* [LISTED RECORDS]:

=====

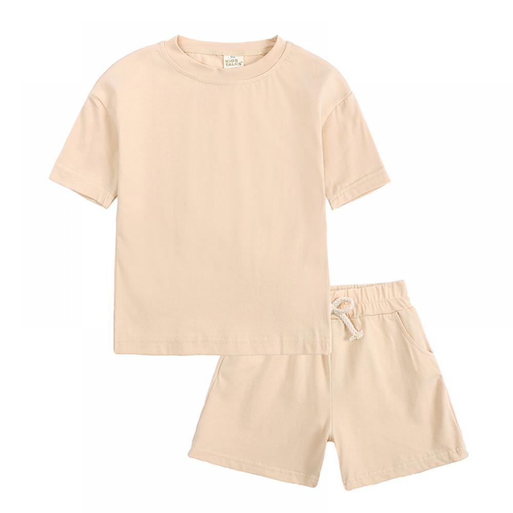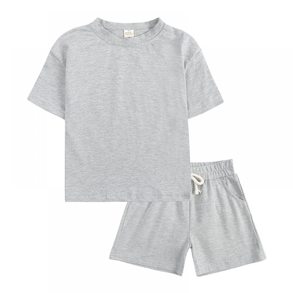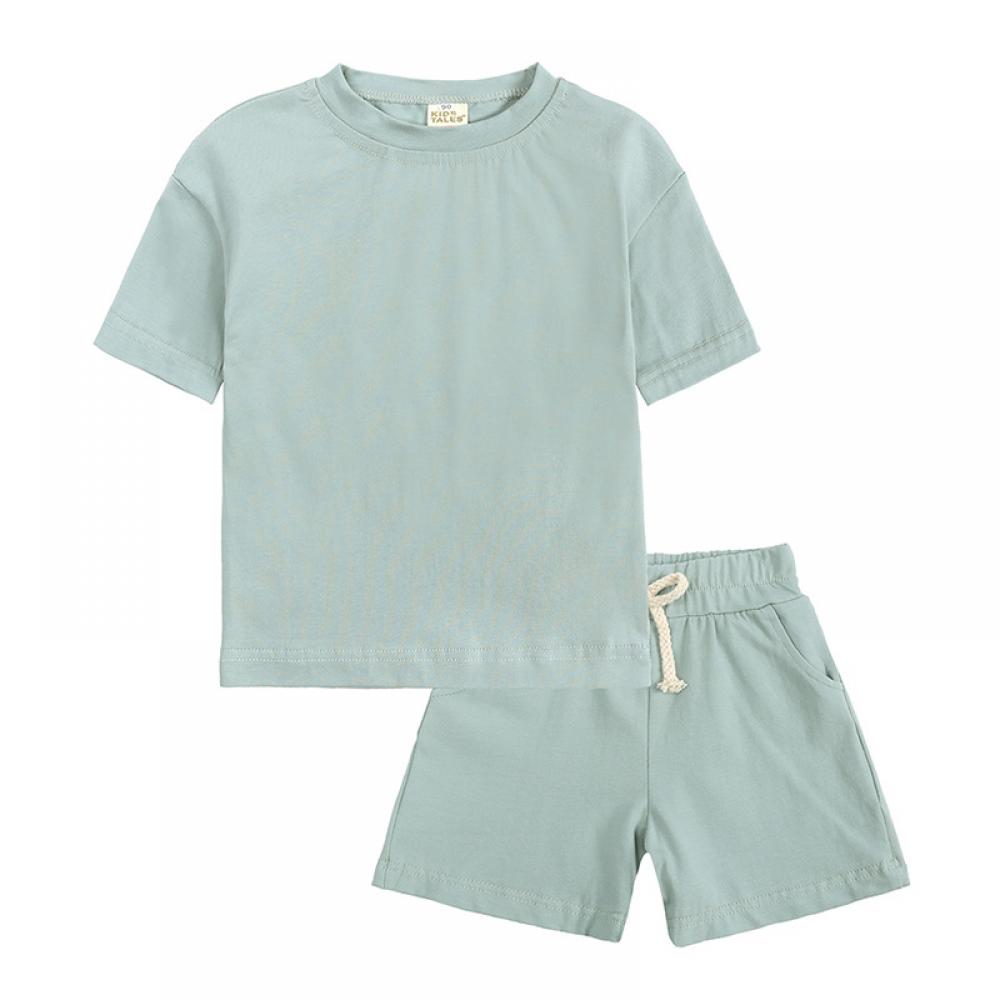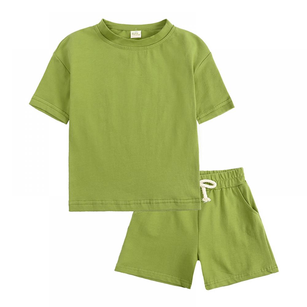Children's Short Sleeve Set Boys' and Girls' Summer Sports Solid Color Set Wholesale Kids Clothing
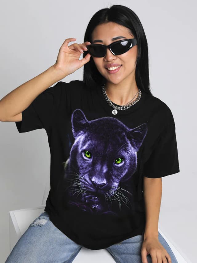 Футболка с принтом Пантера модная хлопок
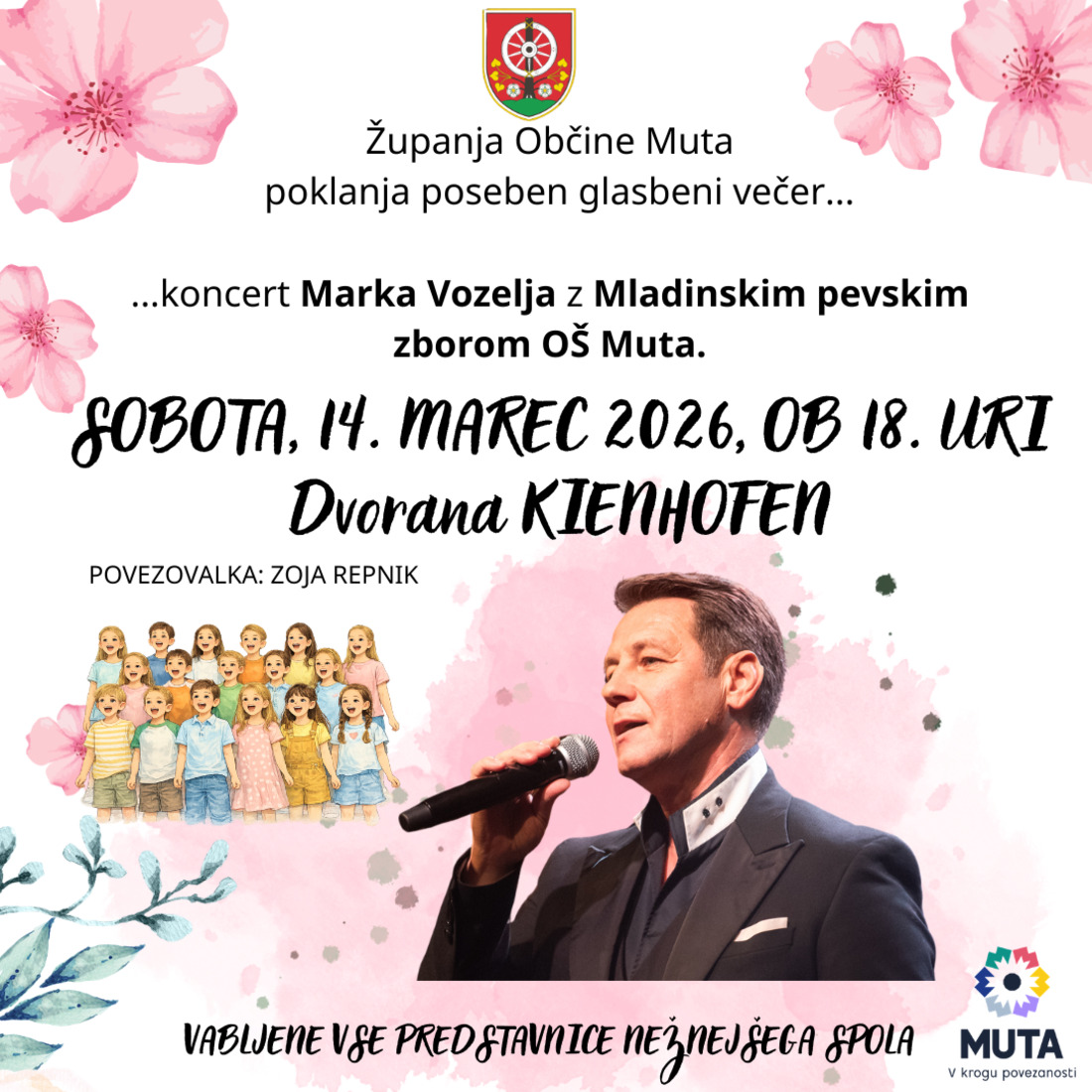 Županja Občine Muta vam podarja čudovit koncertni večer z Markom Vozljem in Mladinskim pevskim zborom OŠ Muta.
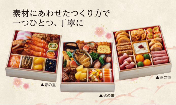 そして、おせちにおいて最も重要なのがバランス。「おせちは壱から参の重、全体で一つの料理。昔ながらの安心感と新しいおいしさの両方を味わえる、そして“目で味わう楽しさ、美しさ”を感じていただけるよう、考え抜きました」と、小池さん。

=====

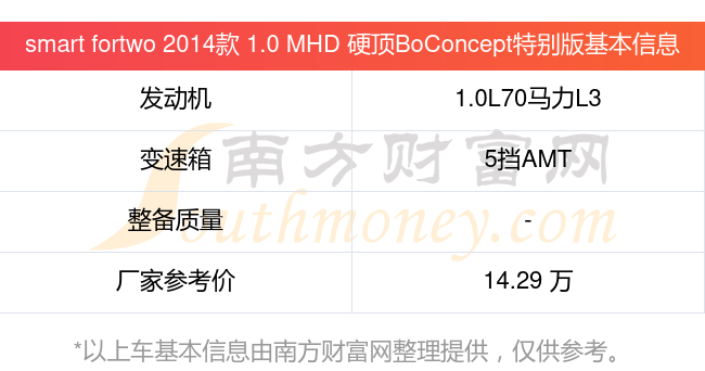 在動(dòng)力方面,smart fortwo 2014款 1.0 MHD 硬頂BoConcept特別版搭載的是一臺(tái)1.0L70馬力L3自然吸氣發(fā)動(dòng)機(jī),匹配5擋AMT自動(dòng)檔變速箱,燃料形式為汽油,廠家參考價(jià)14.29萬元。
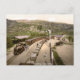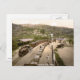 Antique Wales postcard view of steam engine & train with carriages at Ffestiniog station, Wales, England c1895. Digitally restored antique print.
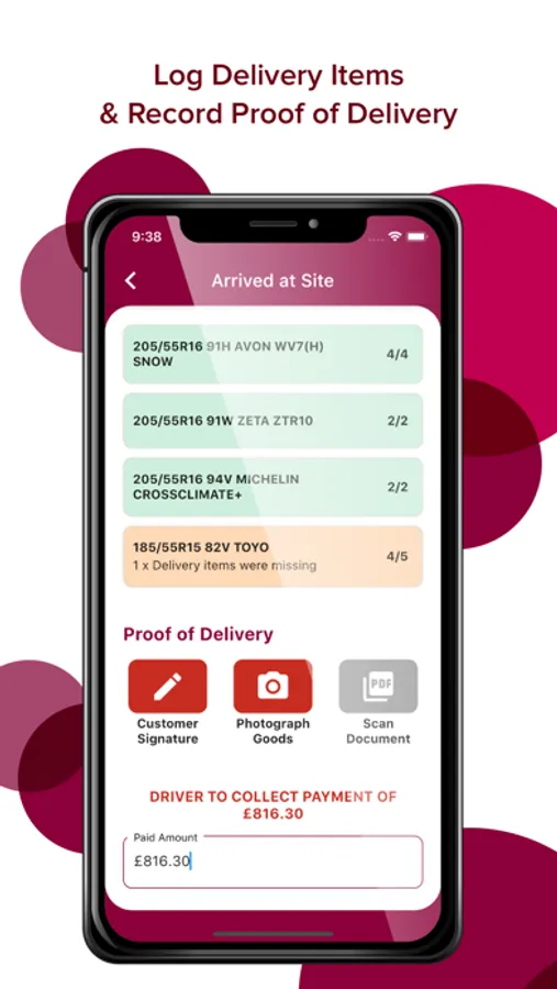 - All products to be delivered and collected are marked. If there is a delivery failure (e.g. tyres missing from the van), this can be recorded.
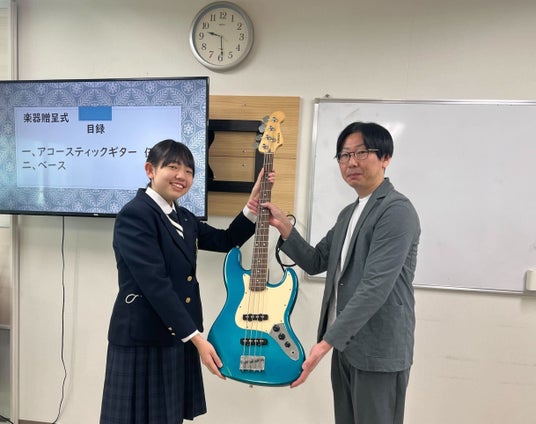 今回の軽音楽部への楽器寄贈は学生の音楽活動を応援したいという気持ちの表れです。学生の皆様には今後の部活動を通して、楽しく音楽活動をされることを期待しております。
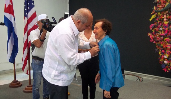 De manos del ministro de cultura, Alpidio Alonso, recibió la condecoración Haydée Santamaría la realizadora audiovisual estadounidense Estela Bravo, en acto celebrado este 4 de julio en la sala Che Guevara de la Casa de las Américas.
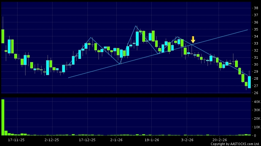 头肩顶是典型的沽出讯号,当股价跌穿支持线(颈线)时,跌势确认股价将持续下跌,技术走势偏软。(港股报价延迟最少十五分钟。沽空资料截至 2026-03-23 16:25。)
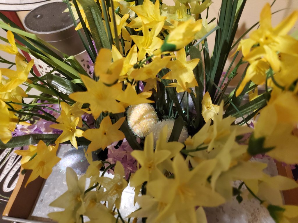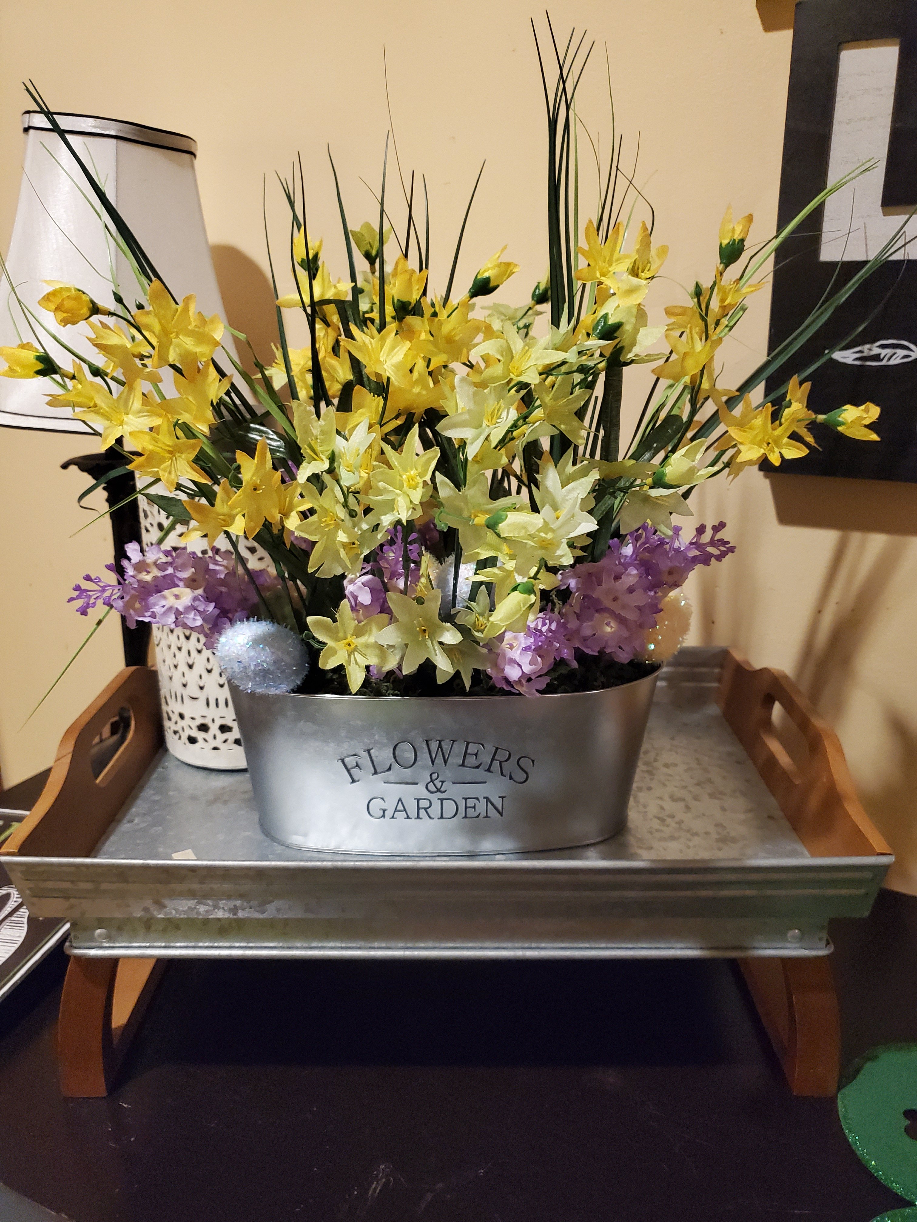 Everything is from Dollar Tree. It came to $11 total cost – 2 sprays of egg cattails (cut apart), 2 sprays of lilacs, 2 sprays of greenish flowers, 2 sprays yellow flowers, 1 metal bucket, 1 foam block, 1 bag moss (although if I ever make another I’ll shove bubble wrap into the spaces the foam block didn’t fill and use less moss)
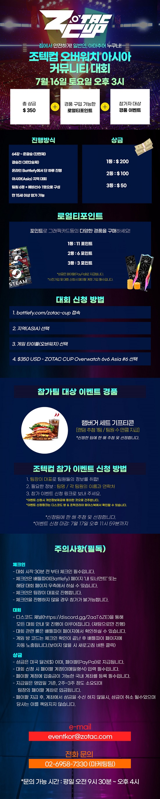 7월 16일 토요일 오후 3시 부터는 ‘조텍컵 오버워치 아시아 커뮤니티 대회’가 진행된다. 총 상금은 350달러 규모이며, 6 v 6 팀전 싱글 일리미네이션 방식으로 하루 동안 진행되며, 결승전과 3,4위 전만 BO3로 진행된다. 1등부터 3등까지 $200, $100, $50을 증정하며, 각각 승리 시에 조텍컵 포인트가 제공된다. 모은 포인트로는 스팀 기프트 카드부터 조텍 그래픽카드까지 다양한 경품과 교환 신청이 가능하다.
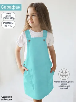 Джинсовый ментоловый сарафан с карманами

=====

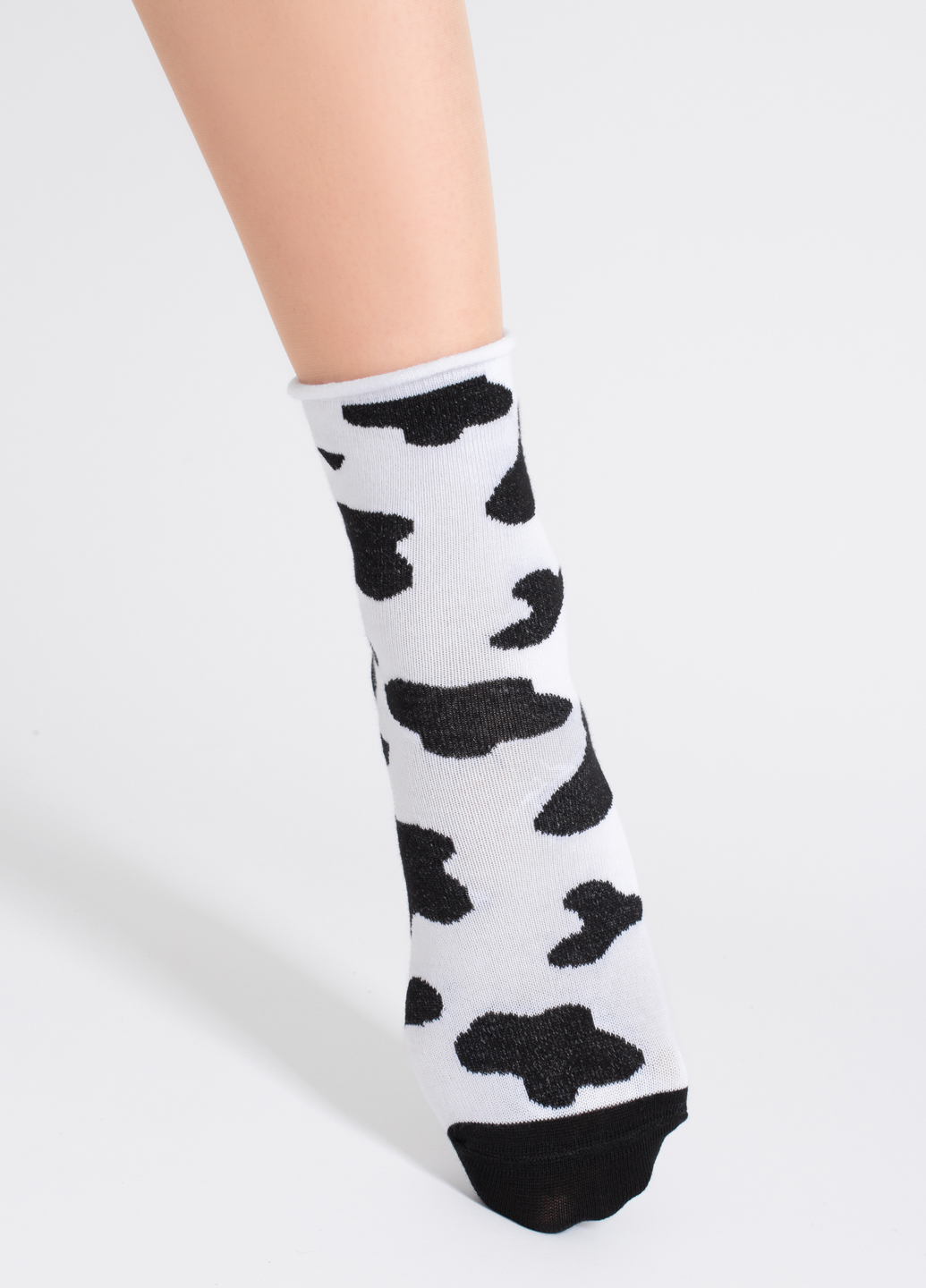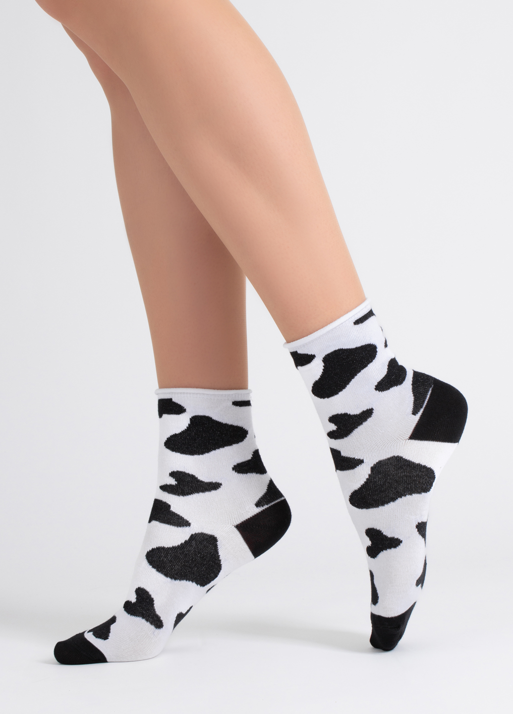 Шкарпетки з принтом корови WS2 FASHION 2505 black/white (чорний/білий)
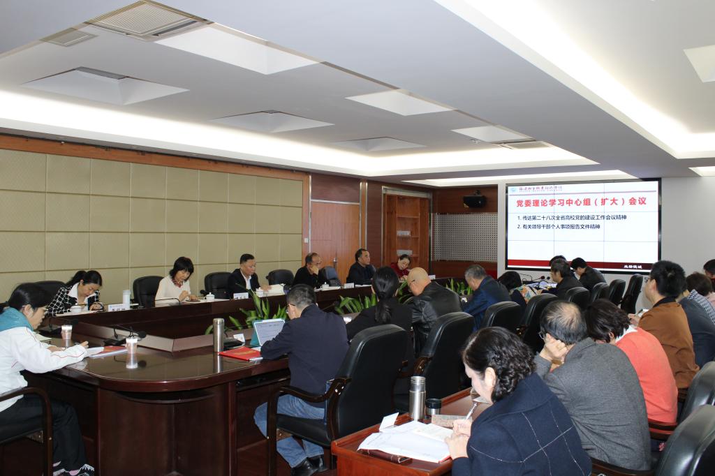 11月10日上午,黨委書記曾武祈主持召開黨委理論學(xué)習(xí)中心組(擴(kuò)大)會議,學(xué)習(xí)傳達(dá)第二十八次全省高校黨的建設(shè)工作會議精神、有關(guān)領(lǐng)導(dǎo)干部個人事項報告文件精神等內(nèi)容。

=====

* [WHAT THE TASK REQUIRES]:
Give back, exactly and without pictures, the stretch of the records above from the line containing "Children's Short Sleeve" through the line containing "Županja Občine Muta", with both end lines included.

* [SOLUTION BELOW]:
Children's Short Sleeve Set Boys' and Girls' Summer Sports Solid Color Set Wholesale Kids Clothing
 Футболка с принтом Пантера модная хлопок
 Županja Občine Muta vam podarja čudovit koncertni večer z Markom Vozljem in Mladinskim pevskim zborom OŠ Muta.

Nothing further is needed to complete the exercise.